Macro Economic Sensitivity
Highly sensitive to the agro-processing sector and post-harvest infrastructure spending in India.
Consumer Behavior
Increased demand for processed and packaged grains and spices is driving millers to upgrade to high-tech cleaning and polishing machinery.
Regulatory & Governance
Industry Regulations
Subject to the Companies Act 2013 and SEBI (LODR) Regulations 2015 following its conversion to a public company and subsequent listing.
Taxation Policy Impact
The effective tax rate for FY25 was approximately 25.6%, with a tax expense of INR 3.61 Cr on a PBT of INR 14.08 Cr.
Legal Contingencies
The secretarial audit and statutory audit reports for FY25 did not report any material pending litigations or adverse court cases.
Risk Analysis
Key Uncertainties
The implementation of the inventory module in the new Business Central ERP system mid-year is a key uncertainty, with a potential impact on financial reporting accuracy.

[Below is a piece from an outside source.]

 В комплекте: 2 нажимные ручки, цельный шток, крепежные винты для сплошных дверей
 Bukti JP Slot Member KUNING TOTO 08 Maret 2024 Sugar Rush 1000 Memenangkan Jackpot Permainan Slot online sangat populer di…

Geographic Concentration Risk
Manufacturing is concentrated in a single location in Ghaziabad, Uttar Pradesh.
Technology Obsolescence Risk
The company mitigates technology risk by positioning itself as an OEM of 'cutting-edge technology solutions' for the post-harvest industry.
Credit & Counterparty Risk
Trade receivables stood at INR 9.53 Cr in FY25, representing approximately 11.7% of annual revenue, indicating healthy collections.